TASK TO COMPLETE:
In the entries below, begin at the line with "Miesten Pellavahousut Housut" and stop after the line with "Der Plastik Baum"; output those lines exactly and omit the pictures.

SUPPLIED INFORMATION:
+++++
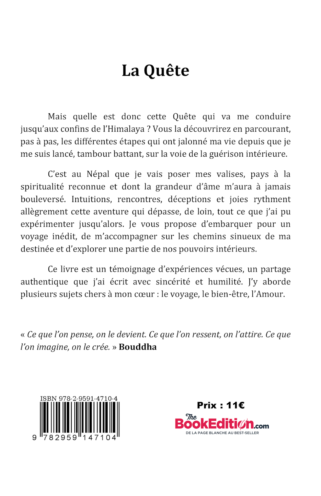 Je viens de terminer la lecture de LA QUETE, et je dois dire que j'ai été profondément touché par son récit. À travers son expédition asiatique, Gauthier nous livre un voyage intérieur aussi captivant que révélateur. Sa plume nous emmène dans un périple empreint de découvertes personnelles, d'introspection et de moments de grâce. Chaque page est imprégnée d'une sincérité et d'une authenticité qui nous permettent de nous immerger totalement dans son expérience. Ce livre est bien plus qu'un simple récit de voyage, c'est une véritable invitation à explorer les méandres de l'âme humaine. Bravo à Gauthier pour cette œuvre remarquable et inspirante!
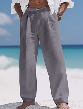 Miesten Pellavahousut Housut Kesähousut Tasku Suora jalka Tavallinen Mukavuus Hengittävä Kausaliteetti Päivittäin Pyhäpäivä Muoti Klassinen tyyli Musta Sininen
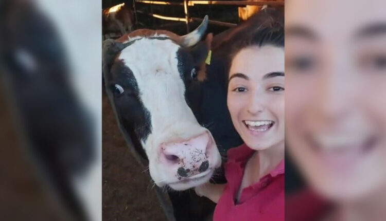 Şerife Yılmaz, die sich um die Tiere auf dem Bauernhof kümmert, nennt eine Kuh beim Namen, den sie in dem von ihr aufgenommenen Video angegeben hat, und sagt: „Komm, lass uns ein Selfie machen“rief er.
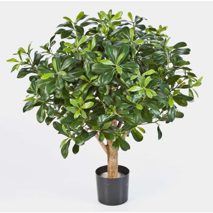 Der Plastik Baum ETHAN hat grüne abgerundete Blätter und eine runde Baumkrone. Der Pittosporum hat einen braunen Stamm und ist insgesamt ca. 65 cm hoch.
+++++
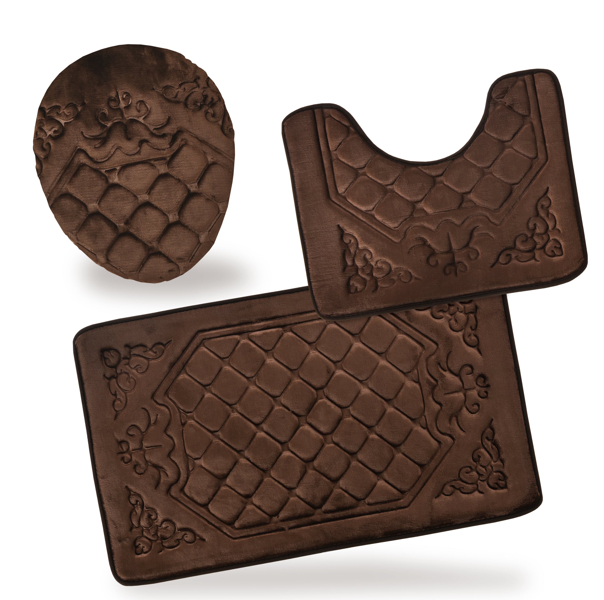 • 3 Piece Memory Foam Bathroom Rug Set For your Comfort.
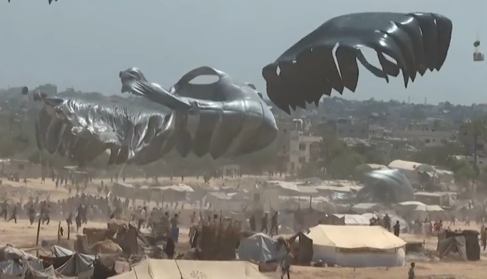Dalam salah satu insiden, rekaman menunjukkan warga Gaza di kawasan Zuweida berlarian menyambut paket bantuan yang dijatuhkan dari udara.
+++++
RESPONSE AREA:
 Miesten Pellavahousut Housut Kesähousut Tasku Suora jalka Tavallinen Mukavuus Hengittävä Kausaliteetti Päivittäin Pyhäpäivä Muoti Klassinen tyyli Musta Sininen
 Şerife Yılmaz, die sich um die Tiere auf dem Bauernhof kümmert, nennt eine Kuh beim Namen, den sie in dem von ihr aufgenommenen Video angegeben hat, und sagt: „Komm, lass uns ein Selfie machen“rief er.
 Der Plastik Baum ETHAN hat grüne abgerundete Blätter und eine runde Baumkrone. Der Pittosporum hat einen braunen Stamm und ist insgesamt ca. 65 cm hoch.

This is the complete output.